Every time I think about what I’m about to do my tummy turns upside down, the sweat grows in the palms of my hands, and my heart races. “Don’t worry my friend tells me” “you’ll be fine”. That’s it! , I have finally made the decision to take my clothes off, GO NAKED!! OMG.
Remembering, I’m the woman that gets undressed with the lights off. I have a million questions going around in my head. What will people think of me?
My body? My scares? My stretch marks? A friendly voice beside me quietly says “your scares are your story, your life and your war wounds. Don’t worry what people think of you it’s none of your business. Take your time and do what makes you comfortable “.
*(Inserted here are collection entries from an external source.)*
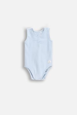 COCCODRILLO Body bez rękawów - błękitne z napisem na przodzie i opcją rośnie wraz z dzieckiem - rozmiar 56 - dla chłopca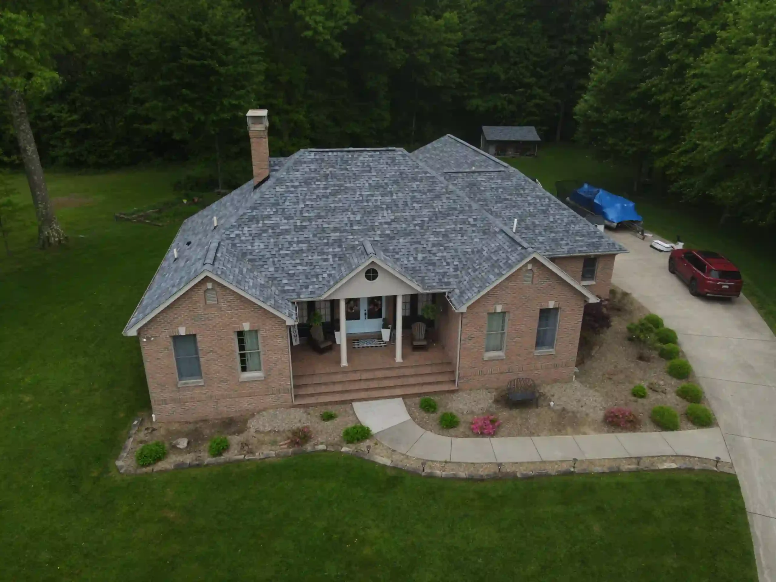 We used the HOVER mobile app to accurately measure and model the roof prior to installation. This technology generated a 3D rendering of the home, allowing us to calculate precise quantities of shingles, ridge caps, underlayment, flashing, and other materials. By using HOVER, we reduced waste and improved project efficiency—ensuring the homeowner received exactly what was needed without unnecessary overages.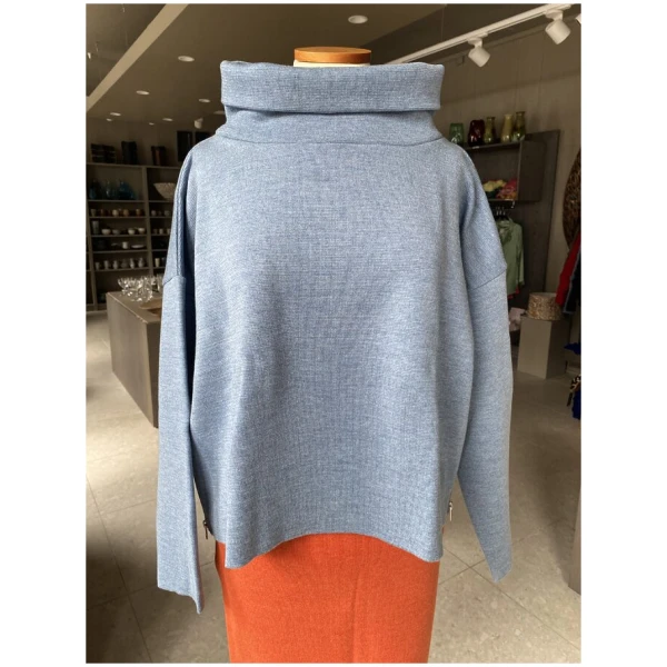 Kort genser med glidelås i sidene i fin ullkvalitet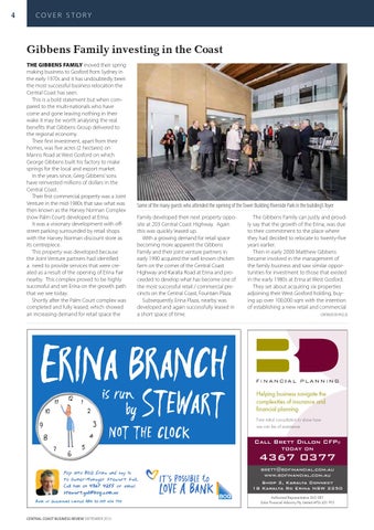 Gibbens Family investing in the Coast The Gibbens Family moved their spring making business to Gosford from Sydney in the early 1970s and it has undoubtedly been the most successful business relocation the Central Coast has seen. This is a bold statement but when compared to the multi-nationals who have come and gone leaving nothing in their wake it may be worth analysing the real benefits that Gibbens Group delivered to the regional economy. Their first investment, apart from their homes, was five acres (2 hectares) on Manns Road at West Gosford on which George Gibbens built his factory to make springs for the local and export market. In the years since, Greg Gibbens’ sons have reinvested millions of dollars in the Central Coast. Their first commercial property was a Joint Venture in the mid-1980s that saw what was then known as the Harvey Norman Complex (now Palm Court) developed at Erina. It was a visionary development with offstreet parking surrounded by retail shops with the Harvey Norman discount store as its centrepiece. This property was developed because the Joint Venture partners had identified a need to provide services that were created as a result of the opening of Erina Fair nearby. This complex proved to be highly successful and set Erina on the growth path that we see today. Shortly after the Palm Court complex was completed and fully leased, which showed an increasing demand for retail space the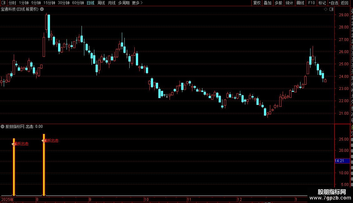 指标主要用于识别具备强势启动特征的个股。其策略核心是在股价经历低位盘整、前一日未涨停、当日开盘涨幅不过大且成交量明显放大的背景下,捕捉出现大阳线突破并站稳多条均线的买入信号。系统通过多重条件过滤,排除一字涨停或高开风险,聚焦于安全边际较高、动能充沛的“擒妖”机会,并在满足条件时给出明确的视觉提示。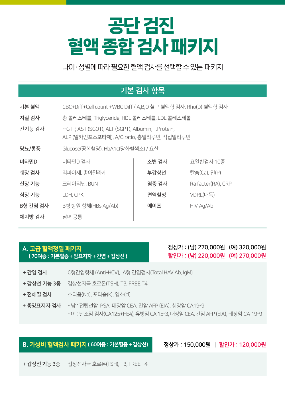 | 혈액 종합 검진 패키지 | 혈액만으로 80가지 검사를 진행하여 이상 유무를 발견하는 검사 | PNG 파일 |

The day has finally arrived, Sun shining high in the sky, walking slowly towards the cliff edge. Then all of a sudden I see naked people. I keep my head low, acting as normal as possible, “to be honest I had a little peak “. My friend utters those words that have occupied my thoughts for months. “Ready! We’re here”. “This is it! Off come the clothes, she laughs at my half-hearted attempt. Then I lay down, the Sun shining on my pale skin, parts of my body have never ever seen the Sun before.
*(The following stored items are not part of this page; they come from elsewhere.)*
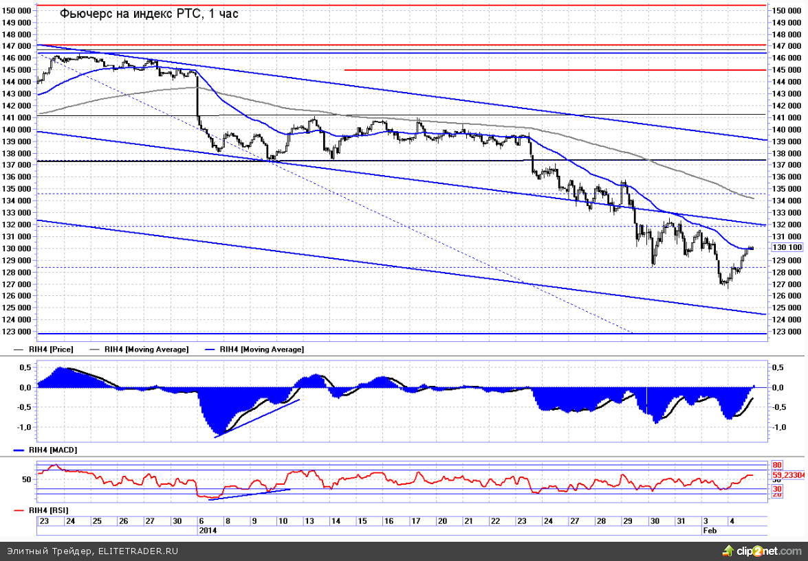 В широком нисходящем канале развивающемся от октябрьских максимумов прошлого года еще есть небольшой потенциал снижения к 1405, то есть 50%-ому коррекционному уровню по Фибоначчи относительно восходящей волны от июньских минимумов. Однако в случае подъема выше 1445, который ожидается на сегодняшней сессии, пока индекc будет удерживаться выше данной отметки перспективы будут скорее позитивны в плане развития отскока, вполне реалистичной целью которого выглядит подъем к 1470, то есть отработка 50%-ой коррекции к снижению от максимумов января. На пути к этим уровням индексу еще предстоит преодолеть сопротивление 200-дневной скользящей средней.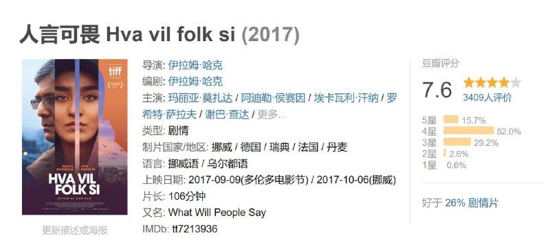 故事讲述16岁的巴基斯坦族少女(玛丽亚·莫兹达饰)一家住在奥斯陆,然而家人却遵守着严格的巴基斯坦传统,当她和白人男友的暧昧关系被传统的父亲发现后,父亲立马将她送往巴基斯坦的亲戚家接受教育。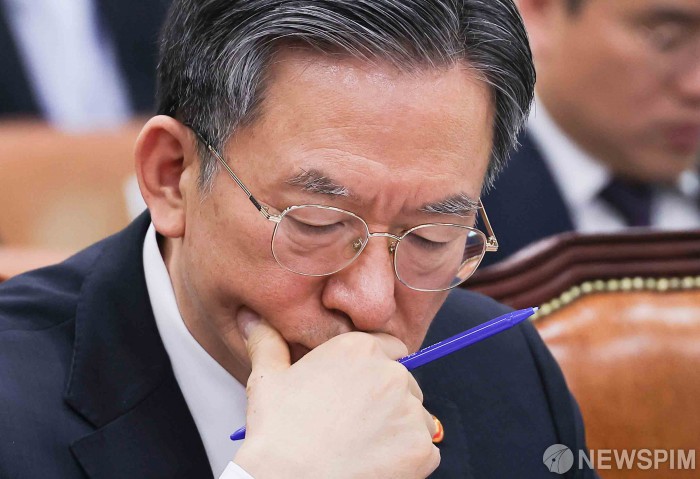 [서울=뉴스핌] 윤창빈 기자 = 정성호 법무부 장관이 4일 서울 여의도 국회에서 열린 법제사법위원회 전체회의에서 자료를 확인하고 있다. 2026.02.04 pangbin@newspim.com
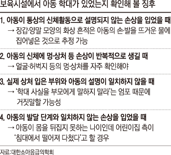 보육시설에서 아동학대가 있었는지 확인해 볼 징후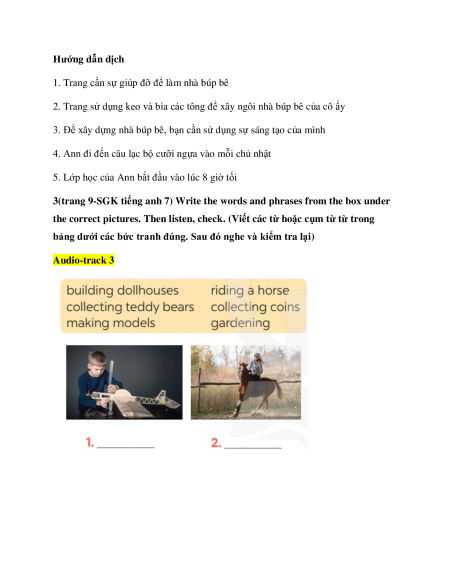 bảng dưới các bức tranh đúng. Sau đó nghe và kiểm tra lại) Audio-track 3 Đáp án 1. making models 2. riding a house 3. collecting coins 4. gardening 5. building dollhouses 6. collecting teddy bears Hướng dẫn dịch 1. tạo các mẫu 2. cưỡi ngựa 3. sưu tầm đồng xu 4. làm vườn 5. xâu nhà búp bê 6. sưu tầm gấu bông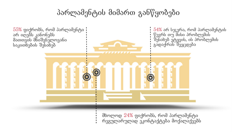 გარდა ამისა, გამოკითხულთა 55% ფიქრობს, რომ პარლამენტი არ იღებს კანონებს მათთვის მნიშვნელოვანი საკითხების შესახებ; 54%-ს კი არ სჯერა, რომ პარლამენტის წევრი მისი პრობლემის გადაჭრას შეეცდება.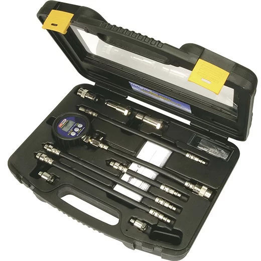 Compressiomètre et testeur d’étanchéité de cylindre KSTOOLS® Essence 10 pièces. Assortiment complet d’adaptateurs M10 – M12 – M14 – M16 – M18 convenant à la plupart des véhicules et petits moteurs industriels Adaptateur à maintien de pression pneumatique pour réparations des joints de soupape sans démontage de la culasse Manomètre digital pour lecture des Psi, Bar et Kpa de 0-20 Bars Manomètre analogique 0 – 200 PSI Mémoire 18 cylindres Livré avec piles Poids 2,20 kg

I feel relief, clam and proud of me. I lay there for an hour rising at times to look around. My confidence builds, I stand up “NAKED”. I can’t believe this. The words in my mind keep repeating “OMG I’m so proud of you”. People walk by and say hi as though we were walking by on the street. They don’t look at my body, they look straight into my eyes, people come to chat to me and my friend and they are so friendly, no one focused on each other’s body. Well I did, I seen a guy with a nice behind.
Throughout the day my confidence grew, so much so I decided to swim in the sea NAKED. I met another person swimming “male” we both stood there chatting about where we came from, we joked and laughed.
This is the moment all my fears of being naked left me, I forgot I was naked.
I would have never believed if you told me a year ago that I would be swimming naked with a stranger, “not me”, sure I’m too fat, and my body is not fit to be seen.
Well those thoughts were no longer.
That day before we left, I stood at the edge of the cliff with my arms held high, my head to the Sun and eyes closed feeling a world of emotions. So grateful I faced my fear, I’m not the women I was before I walked on to this cliff. I have my confidence back; I’m grateful for my body my friends support.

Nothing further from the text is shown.